Men with painful bone metastases from prostate cancer may be able to achieve clinically meaningful improvements in pain and quality of life (QOL) as early as 10 days after undergoing radiotherapy, according to the results of a secondary analysis of the NCIC Clinical Trials Group Symptom Control Trial SC.23 (NCIC CTG SC.23).
“This study is the first to report significant improvements in certain domains of QOL in those who responded to radiotherapy as early as 10 days after treatment for painful bone metastases using the international consensus endpoints and Quality of Life Questionnaire Bone Metastases Module-22 (QLQ-BM22),” Rachel McDonald, MD, of the Odette Cancer Centre, Sunnybrook Health Sciences Centre, Toronto, and colleagues wrote in JAMA Oncology. “At day 10, responders had significantly greater reductions in pain and pain characteristics and better improvements in functional interference and psychosocial aspects compared with nonresponders.”
Recently, researchers have developed specific tools to evaluated QOL in patients with palliative cancer and those with bone metastases.

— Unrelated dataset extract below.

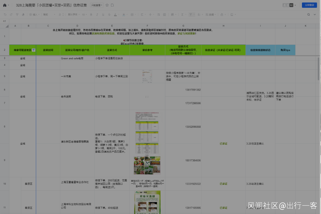 圖説:在線文檔再顯身手,上海需要【小區團餐+買菜+買藥】信息徵集,市民自助互助,“黃頁”信息越發豐富

Increased pain is associated with a lower QOL in patients with painful bone metastases and a reduction in pain after radiation is thought to improve QOL.
McDonald and colleagues wanted to evaluate pain and QOL at 10 and 42 days after radiotherapy. The study included 298 patients from 23 Canadian centers. The trial treated patients with a single 8-Gy radiotherapy dose for one or two bone metastases. Pain score and analgesic intake at baseline and days 10 and 42 were evaluated. Self-reported QOL was reported using the QLQ-BM22 and the European Organisation for Research and Treatment of Cancer Quality of Life Questionnaire Core 15 Palliative (QLQ-C15-PAL).

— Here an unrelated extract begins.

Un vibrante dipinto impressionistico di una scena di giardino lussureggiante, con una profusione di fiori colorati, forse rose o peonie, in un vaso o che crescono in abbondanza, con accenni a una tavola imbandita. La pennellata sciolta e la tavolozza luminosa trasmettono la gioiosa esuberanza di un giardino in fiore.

About 40% of patients responded to radiotherapy at day 10 and 38.9% at day 42. Compared with nonresponders, patients with a pain response had a greater reduction in pain (mean reduction 17 vs 1.8; P = .002) and pain characteristics (mean reduction 12.8 vs 1.1; P = .002) at day 10. Responders also had greater improvement in functional interference (mean increase 11.6 vs 3.6; P = .01) and psychosocial aspects (mean increase of 1.2 points in responders vs mean decrease of 2.2 points in nonresponders; P = .04).
“These results confirm that radiotherapy for painful bone metastases can improve pain and QOL quickly after treatment and therefore should be offered even for those with a limited expected survival,” the researchers wrote.

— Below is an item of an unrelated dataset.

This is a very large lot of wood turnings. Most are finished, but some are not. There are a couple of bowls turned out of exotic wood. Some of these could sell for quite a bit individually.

Looking at QOL outcomes, responders to radiotherapy had significantly greater improvements in the physical (P < .001), emotional (P < .001), and global domains (P < .001) of QLQ-C15-PAL compared with nonresponders.
At day 42, responders to radiotherapy also had greater reductions in pain, fatigue, appetite, and constipation on QLQ-C15-PAL compared with nonresponders, and greater improvements in painful sites, pain characteristics, functional interference, and psychosocial aspects.
“Because the main purpose of radiotherapy was pain relief, the most significantly improved QOL outcomes in the present study were pain-related outcomes, such as pain characteristics, number of painful sites, and functional interference,” the researchers wrote. “The QOL items that were not expected to improve with pain reduction, including dyspnea and insomnia, did not significantly improve in responders. Thus, physicians should use other more appropriate treatment modalities to address these symptoms separately.”
In an accompanying editorial, Charles R. Thomas Jr, MD, of Oregon Health and Science University, wrote, “The current study is a step forward from an earlier study that found early pain relief because all patients in the NCIC CTG SC.23 received the same 8-Gy single-fraction external beam radiotherapy. Early pain relief may be a surrogate de facto marker of future short-term improved QOL. In fact, the current trial may be immediately beneficial to patients with advanced disease and their respective caregivers and health care practitioners.”